If you are at the point where job-board-only tools feel like they are missing half the market, that frustration is accurate. Direct-to-ATS coverage is a real gap, and the alternatives to Massive article covers how different tools handle it.

Before paying for any auto-apply tool, run a test search for roles in your field and count what percentage have Easy Apply enabled. That number is your realistic daily ceiling with a job-board-only tool like LazyApply.

FAQ

Does LazyApply actually work?

It works for what it does: automating LinkedIn Easy Apply and Indeed Quick Apply. It does not submit applications to company career portals, which limits its coverage significantly for most job searches.

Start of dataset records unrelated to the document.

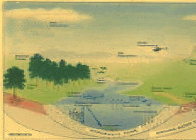
Figure 1: A diagram of a wastewater treatment plant, showing some of the various stages of treatment. The diagram is labeled with various parts of the plant, including 'Influent', 'Aeration', 'Settling', 'Sludge', and 'Effluent'. The background is a light blue sky with some clouds.

This job is very enjoyable and you get the feeling of happiness when you make a difference in this world by helping the environment. You also get to travel around the world! A good place to start this job is downtown Salt Lake City. The air is full of pollution from factories, and recycling is critical to mother earth. So get a job as an ENVIRONMENTAL ENGINEER TODAY!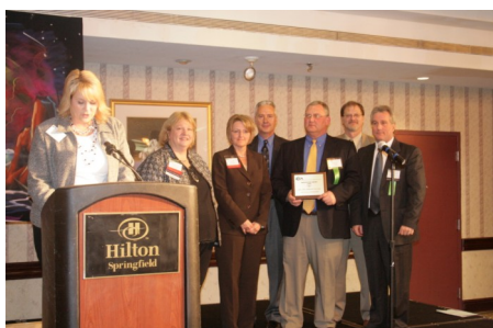
Lake Land Community College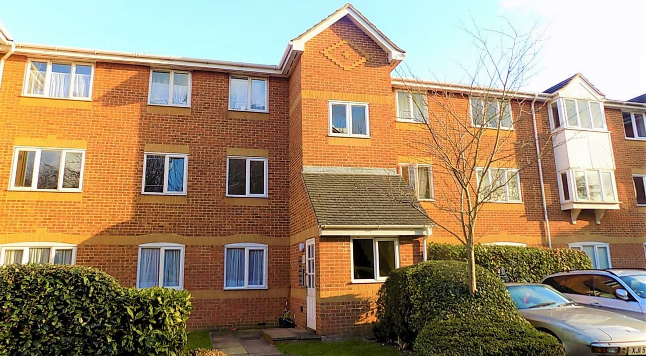
Ascot Court, Aldershot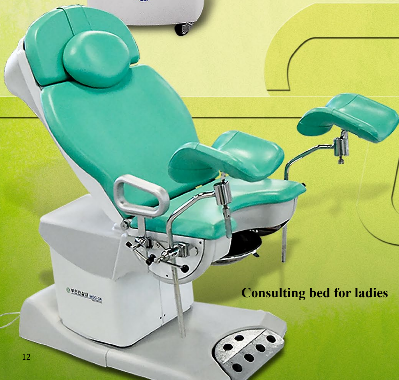
Consulting bed for ladies

Is LazyApply safe for my LinkedIn account?

LinkedIn prohibits automated activity in its terms of service. LazyApply uses your browser session to simulate clicks, which reduces detection risk, but accounts can still get flagged or warned, especially at high volumes or during extended runs.

Can I use LazyApply without keeping my computer on?

No. It runs as a Chrome extension in your active browser. If your computer sleeps, your screen locks, or you close the tab, the run stops.

What happens when LazyApply hits a role without Easy Apply?

It skips it. Roles that redirect to an external company careers page are not submitted. They may be logged as 'applied' on some dashboards even though they were not, which is a common complaint.

Is the LazyApply lifetime plan worth it?

Only if the tool stays functional. Past LinkedIn changes have broken the extension temporarily. If you are actively searching for more than a month, the lifetime plan is cheaper than renewing monthly, but it carries the risk of the tool breaking mid-search.

What is the best alternative to LazyApply if I want real ATS submissions?

Look for tools that source listings directly from company ATS platforms rather than scraping job boards, and that submit back to those ATS systems. Most tools in this category still operate at the job board level, so check that claim carefully before paying.

Does LazyApply customize applications or just blast the same resume everywhere?

It uses a single stored resume and profile. There is no per-application customization. You can set a cover letter template, but it sends the same one to every application.